Barn and house

One of my favorite things about this land we live on is the old barn. Circa 1832 in the original part, it dwarfs the house and consists of four stories topped by an attic space under the roof. The cellar contains several rough animal stalls and is the occasional residence of a skunk, raccoon, woodchuck or grumpy porcupine. Phoebes nest every year in the cellar and first floor rafters. We store wood on the first floor. The second and third floors were an old hay mow and now are a repository for discarded furniture, miscellaneous remnants of wood, and old windows and doors. This is New England. These Yankees keep everything!

The barn is a tenement for rodents, bats, insects and birds, along with creatures like the aforesaid porcupine, who wander into the cellar in search of shelter.

New England Barn
Barn Cellar

When I moved to Maine, I stored some of my things in the barn; things I didn’t have room for in the house but wanted more accessible than the storage unit. Now that I’ve moved out of the storage unit and everything is here on the property, I’m determined to go through each box and discard what is no longer useful.

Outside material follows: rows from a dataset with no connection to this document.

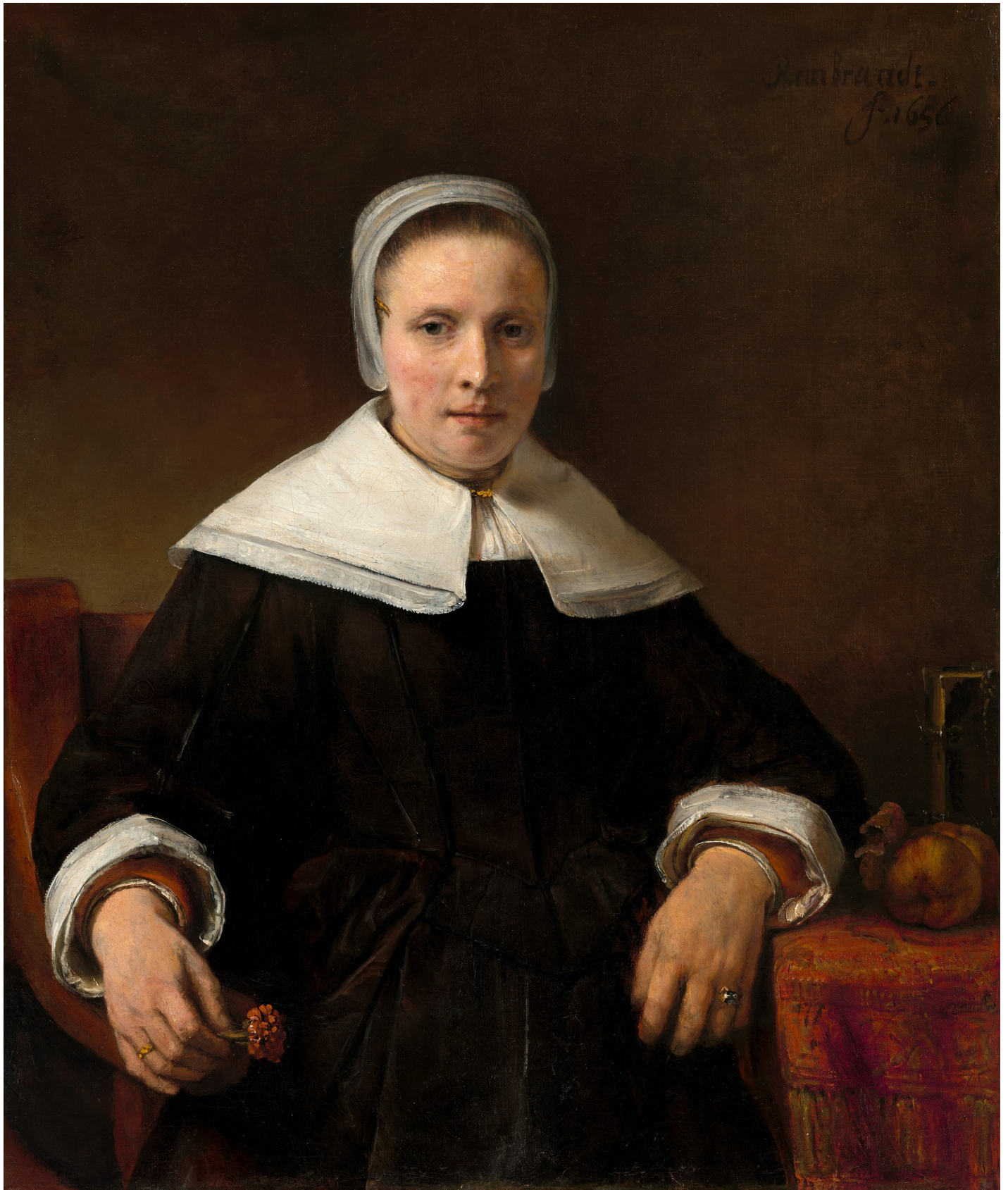
A Woman Holding a Pink, 1656
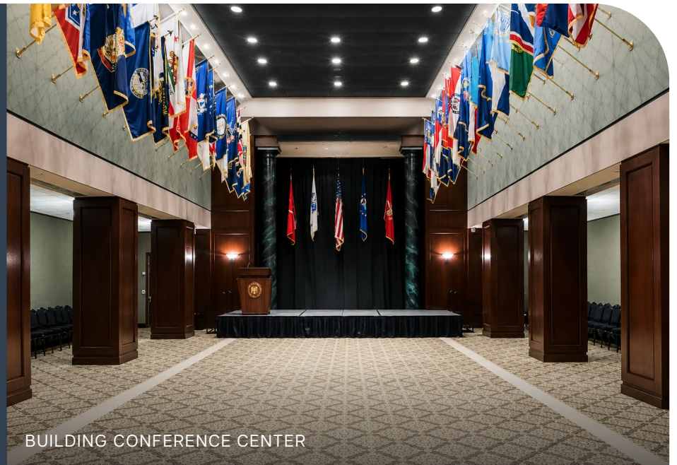
BUILDING CONFERENCE CENTER
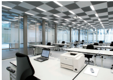
Service instruction room
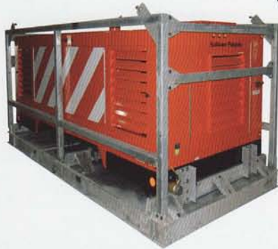
185 CFM TO 1800 CFM OFF SHORE COMPRESSOR
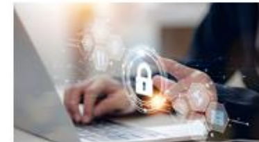
SME Awareness Vault

Please click here for Information regarding NFAS by Askari Bank

I work in the second story of the barn. The south wall contains a row of windows, several of which are broken. The west wall also has a broken window, and plentiful bat guano on the floor under it tells us this is their favored access point.

My hours in that space are strange, almost otherworldly. I sit on an old round lidded metal bucket that once contained popcorn. My table is the lid of a large plastic storage bin. I unpack the boxes I taped and labeled more than four years ago in Colorado, in a different life and half a world away. The barn is alive with stirrings and fugitive drafts. The wood floor dips and sways, creaking underfoot and showing cracks between the planks. The scent of apple blossoms floats in through the windows, along with the sounds of insects and the sweet calls of the phoebes as they hunt those insects. Once I’ve settled down quietly to work, squirrels, mice and chipmunks forget my presence and begin to scurry overhead and in the walls around me. I know bats are clustered under the roof, a floor and a half above me. Light comes in through countless cracks and crevices in the walls. The roof leaks in many places.

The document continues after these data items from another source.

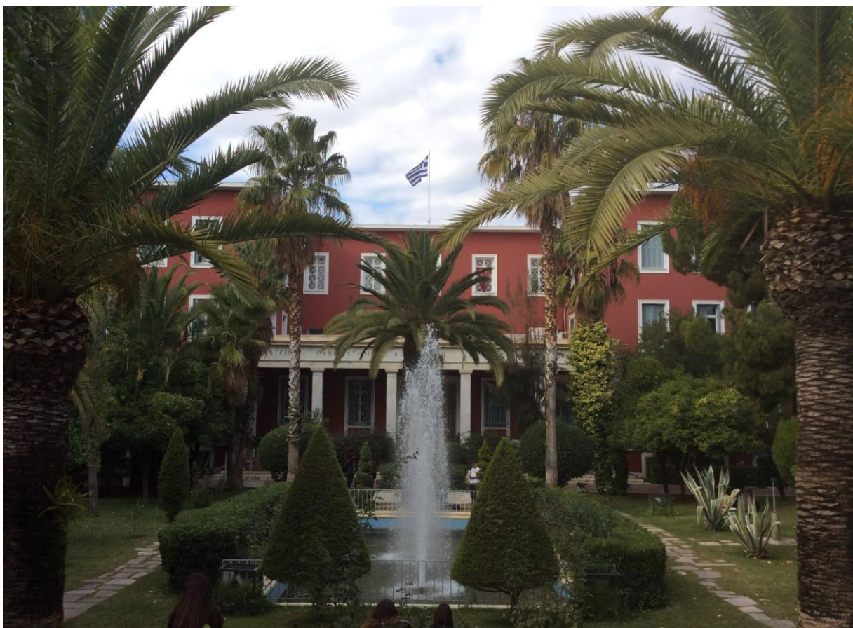
Panteion University of Social & Political Sciences
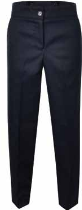
1118089 Tailored Pants
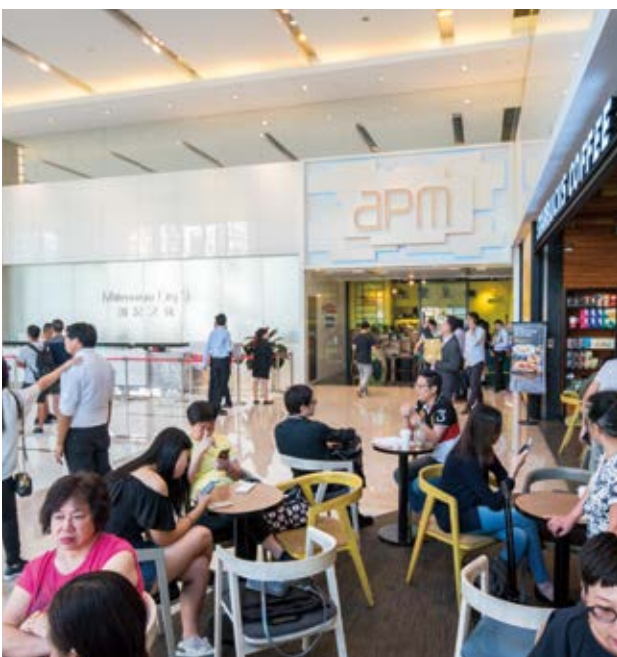
Most office buildings have restaurant and retail floors for tenants' convenience 為方便租戶日常需要，大部分寫字樓物業均設有餐飲及零售樓層

儘管未來數年，區內全新甲級寫字樓供應將繼續大幅增加，但創紀之城憑著多方面的優勢，租務表現預期依然向好。這個商廈群設施優質，管理完善，樓層面積較大，實用率亦高，加上業權由集團單一持有，可靈活配合租戶的業務需要，亦方便有意租用較大樓面面積的準租戶。創紀之城一期、二期、五期及六期的出租率維持在高水平，租金增長令人滿意。

The body of the barn is loosening and thinning, much like my own skin; as it does so it’s becoming rewoven into nature.

I’ve gone through boxes and boxes of beading material, sewing supplies, wreathmaking tools and elements, camping gear, seasonal decorations and kitchen items. The quiet barn fills with my memories as I review where I’ve been and recognize the steps bringing me to this place and this moment.

Photo by Anna Dziubinska on Unsplash






We love increase in this culture. The journey of childhood to adulthood. Increasing income in order to increase spending power. Upscaling, upgrading, updating, trading in. Increased choice, increased technological power and speed, increased likes and friends, increased access to “information” and entertainment. Bigger, better, newer, faster, more.

Now, suddenly I find myself strangely captured by the beauty of decrease. Perhaps what I’m feeling is a kind of surrender, a letting go. The barn lets go of its glass window panes, its nails, its roof shingles, the mortar in its foundations. As the fabric of its structure thins, life pours into it. The world inhabits it. The boundaries between the building and its setting are softening.

New England barn in winter
Winter barn

Observing this process of gradually increasing boundary ecstasy is breathtakingly, almost piercingly beautiful. My appreciation of its magic mingles with tears, memories and nostalgia as I unwrap and handle my things, once so beloved and important in my life, now boxed and stored.

As I load up the car and donate to our local charities, sell or give away what I no longer need, the storage space in the barn gradually empties. Sunlight fingers the floor where a stack of boxes stood. An errant breeze swirls dust into a brief glittering cloud.

Is empty space, or an empty moment, ever really empty? Can it be? Is a quiet afternoon without distraction or entertainment sterile and boring, or filled with peace and possibility we no longer recognize or welcome but starve for nonetheless?

Watching the reflection of moving leaves or water and sunlight on a bare wall feeds my creativity and joy in a way the finest piece of manmade art never could.

As I empty my life of so many objects, it becomes like the barn. I allow the cracks of long use, weathering and aging to show. I allow my memories and experience to mingle with the light, the moving air and the life outside my boundaries and barriers. I feel less isolated and more grateful, less anxious and more peaceful.

What is a life defined by the spaces between objects and tasks rather than the objects and tasks themselves? What is life in the spaces between our debts, bank balance and paychecks? What are the gifts hidden in decrease, in the slow passage of time, in loosening skin and softening bone? How much creativity and wisdom fill the spaces between our obligations, habits and addictions?

What hidden infinities lie in the spaces between each tick of the clock, each heartbeat and each breath? How much light can come into me as I widen the cracks in my physical envelope? More importantly, how much of my light can shine out into the darkness around me?